I have a build setup for master/8.7 but have not had a chance to try it.
As a workaround until then, adding a dummy select as the first query seems to avoid the issue.
Something like:
SELECT * FROM (
SELECT null foo_id, null created_at, null source
UNION ALL
SELECT foo_id, created_at, 'Foo' from foo.items
UNION ALL
SELECT bar_id, created_at, 'Bar' from bar.items
) x where x.source is not null;
Edit: I was getting weird results with this workaround until I added "LIMIT 1" to the dummy query.
Tom
-
7. Re: Partitioned UNION
tom9729 Feb 24, 2014 7:02 PM (in response to tom9729)On a related note, is there a way to push an order by into the inner queries?
Edit (because I've been rate limited):
Whoops, yep. This is my query.
select * from (
(select item_id, created_at, 'Foo' source from foo.items order by created_at desc limit 5000)
union all
(select item_id, created_at, 'Bar' source from bar.items order by created_at desc limit 5000)
) x
where
source in ('Foo', 'Bar')
order by created_at desc
limit 0, 500;
I'd prefer to remove the ORDER BY from the nested queries and have Teiid add the ORDER BY from the outer query when it can, just as it does with filters from the outer query. Basically I want to send this, but have Teiid run the query from above.
select * from (
(select item_id, created_at, 'Foo' source from foo.items limit 5000)
union all
(select item_id, created_at, 'Bar' source from bar.items limit 5000)
) x
where
source in ('Foo', 'Bar')
order by created_at desc
limit 0, 500;
-
8. Re: Partitioned UNION
shawkins Feb 24, 2014 6:47 PM (in response to tom9729)Can you provide an example of what you mean?
Steve
-
9. Re: Partitioned UNION
shawkins Feb 24, 2014 7:21 PM (in response to shawkins)Generally we have to treat an ordered limit as an in place operation in the plan.
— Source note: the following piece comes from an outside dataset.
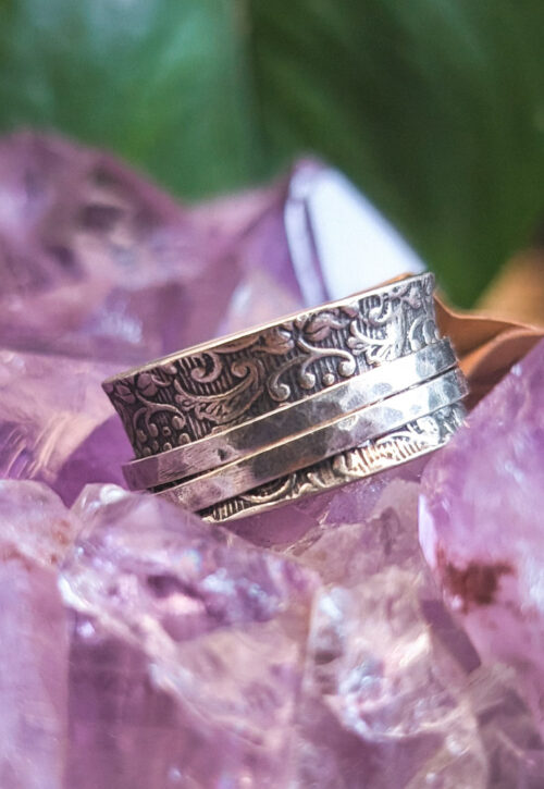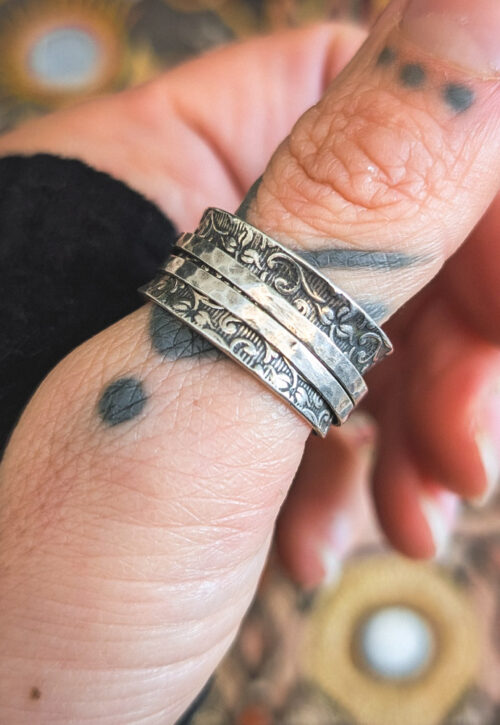 This is a one-off preloved piece and can't be restocked Funky spinner ring with a concave design, floral oxidised background with two thin hammered spinning bands. Material: Silver, stamped 925 Size: UK R / US 8.75 / EU 59.5 Weight: 5g We recommend that all jewellery, no matter what its content, is kept away from water and chemicals and stored in a jewellery box to prevent tarnish and prolong its beauty. -

In the case of the second query, what is the advantage of adding the order bys to the union branches? You'll still have to process the parent order by - although there is an existing issue somewhere for us to process distinct/order by over a union in this manner as sorted sublists rather than a full sort.
Steve
-
10. Re: Partitioned UNION
tom9729 Feb 24, 2014 8:38 PM (in response to shawkins)I need an ORDER BY in here because there are generally >5000 results from this, and I'm usually interested in the most recent.
select item_id, created_at, 'Bar' source from bar.items limit 5000
For the whole thing, I want to make a view like this. I have existing code that uses ITEMS. I have V_ITEMS with the same columns as ITEMS, but the data comes from additional sources. I want to be able to switch the software to use V_ITEMS with as few changes as possible. This means that when the software does an ORDER BY on the view I'd like Teiid to run the individual queries with that ORDER BY when possible.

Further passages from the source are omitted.